Friday, August 3rd, 2012
Tree Houses. Fairy Tale Castles in the Air
By Philip Jodidio,
Taschen, September 2012

The Baron in the Trees (Il Barone Rampante) by the Italian author, Italo Calvino was published in 1957. Set in 18th century Liguria, it has been described as a philosophical fiction and a metaphor for independence. It relates the adventures of twelve-year-old Cosimo Piovasco di Rondò who, in a rebellious fit, after refusing to eat a dinner of snails prepared by his sadistic sister, climbs up a tree and decides never to set foot on the ground again. I don’t have the book any more but having read it six years or so ago, seem to remember that the baron never got around to building a treehouse. ‘The idea of climbing a tree for shelter, or just to see the earth from another perspective, is probably as old as humanity,’ the Taschen blurb for Tree Houses. Fairy Tale Castles in the Air tells us, describing the phenomena as, ‘Childhood fantasy meets grown-up savoir faire’.

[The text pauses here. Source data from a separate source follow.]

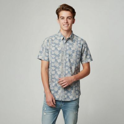 Camisa Manga Corta Estampada de Algodón Niño Chess Denim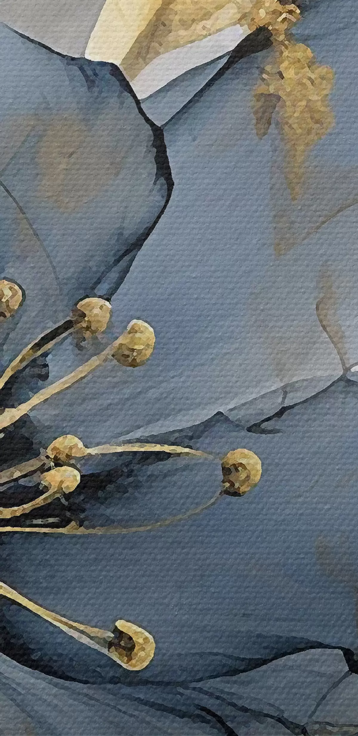 Pilt Sinine läbipaistev õrn lill koos värvipritsmetega Nr r35527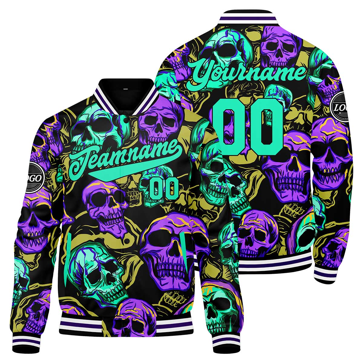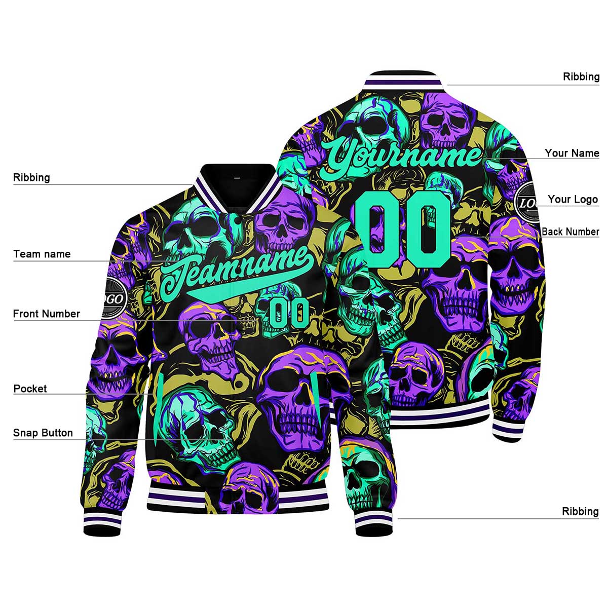 Benutzerdefinierte Grün Lila Varsity-Jacke. Letterman-Jacke für Männer, Frauen und Jugendliche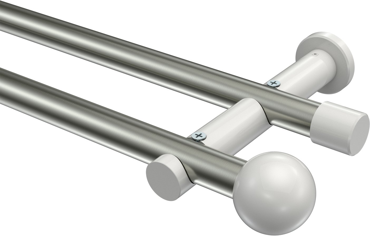 Informationen zu Gardinenstange Metall 20 mm Ø 2-läufig PLATON - Luino Edelstahl-Optik / Weiß (ohne Ringe):
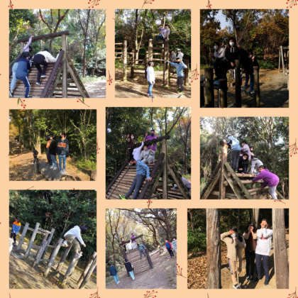 片付けが予定より早く終わったので、森の中のアスレチックで遊ぶことができました。

At Disneyland in California, where nothing is philosophical and everything fiction, you can take a tour of Tarzan’s Treehouse set high in an 80-foot-tall (24.4m) artificial Disneydendron semperflorens grandis, or Large Ever-blooming Disney Tree to you and me, on which we are told 450 – presumably, also artificial – branches and over 6,000 leaves grow – fake too, I would have thought. Hideouts like Tarzan’s jungle abode and Peter Pan’s Hangman’s Tree may come to mind when we think of treehouses but there’s a lot more to them than all the make believe.

Tree houses have a long and rich history in the real world and, as described in internationally-renowned author Philip Jodido’s forthcoming publication, building and designing them is still as popular as ever. Jodido, who studied art history and economics at Harvard has a long and rich history himself, especially with Taschen, for which his books include the Architecture Now! series and monographs on a list of prominent contemporary architects, among them, Tadao Ando, Norman Foster and Zaha Hadid.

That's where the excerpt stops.